4.2.1 ATHARVAN : DEFINITION, MEANING AND TYPES


The Veda may be named, states Monier Williams, after the mythical priest
named Atharvan who was first to develop prayers to fire, offer Soma, and
who composed "formulas and spells intended to counteract diseases and
calamities". Monier Williams notes that the now obsolete term for fire used
to be Athar. The name Atharvaveda, states Laurie Patton, is for the text
being "Veda of the Atharvāṇas".

The oldest name of the text, according to its own verse 10.7.20,
was Atharvangirasah, a compound of "Atharvan" and "Angiras", both
Vedic scholars.
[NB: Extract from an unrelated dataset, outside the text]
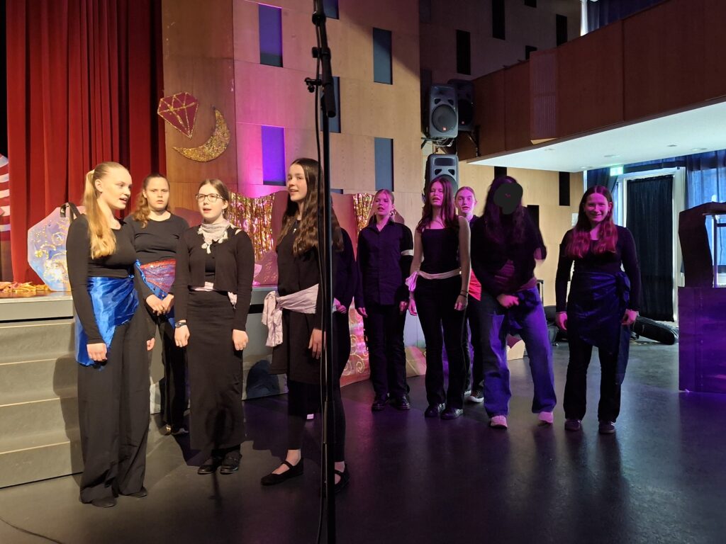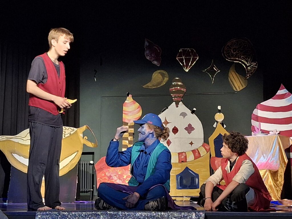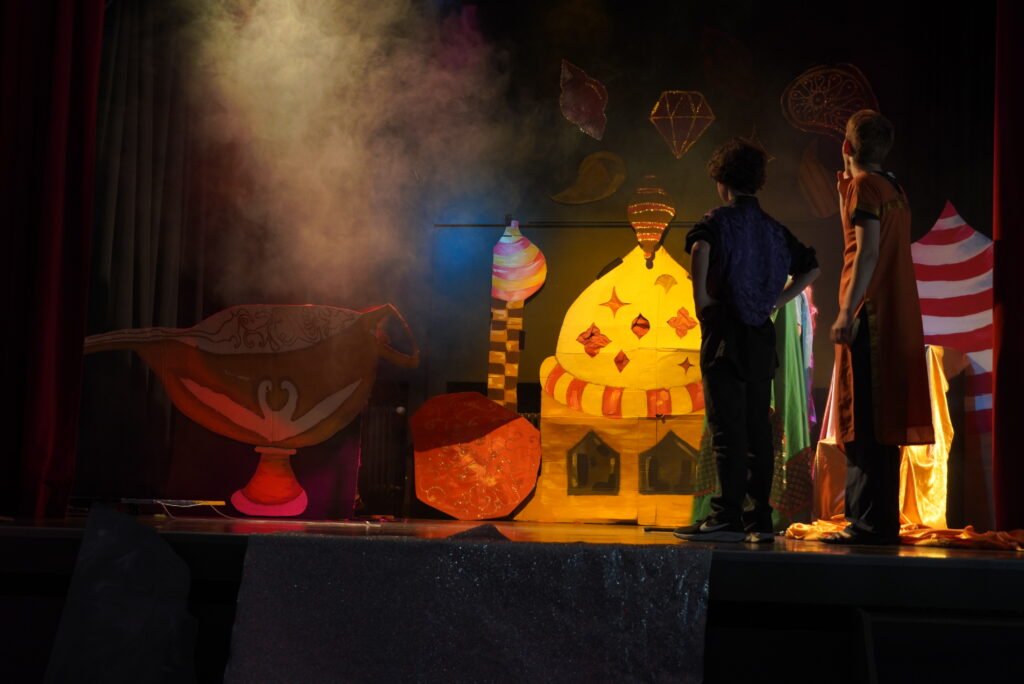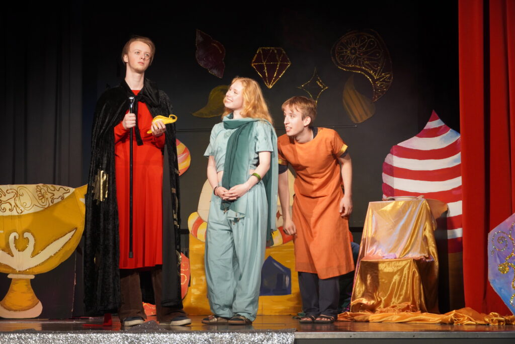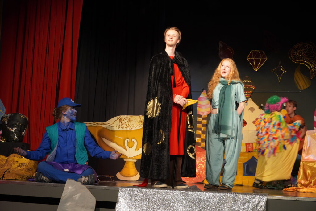 Doch es war nicht die English Theatre Group unter der Leitung von Frau Dr. Herzig-Danielson alleine, die uns als Publikum so verzaubert hat – der große Chor von Frau Hoppe und der Sologesang sind genauso zu erwähnen wie das magische Bühnenbild des Profilkurses Kunst unter der Leitung von Frau Janas, der es geschafft hat, die Cäci-Bühne in Oldenburg mit verschiedenen Farben und Stoffen in das orientalische Agrabah zu verwandeln und uns in die Zeit von 1001 Nacht zu entführen. Ergänzt wurden diese Effekte durch die engagierte Veranstaltungstechnik, denn „Beleuchtung“ beim Theater ist schließlich wesentlich mehr als nur „Licht an“ und „Licht aus“, sondern eine Kunst für sich.

Each school called the text after itself, such as Saunakiya
Samhita, meaning the "compiled text of Saunakiya".The "Atharvan" and
"Angiras" names, states Maurice Bloomfield, imply different things, with
the former considered auspicious while the latter implying hostile sorcery
practices. Over time, the positive auspicious side came to be celebrated and
the name Atharva Veda became widespread. The latter name Angiras which
is linked to Agni and priests in the Vedas, states George Brown, may also
be related to Indo-European Angirôs found in an Aramaic text from Nippur.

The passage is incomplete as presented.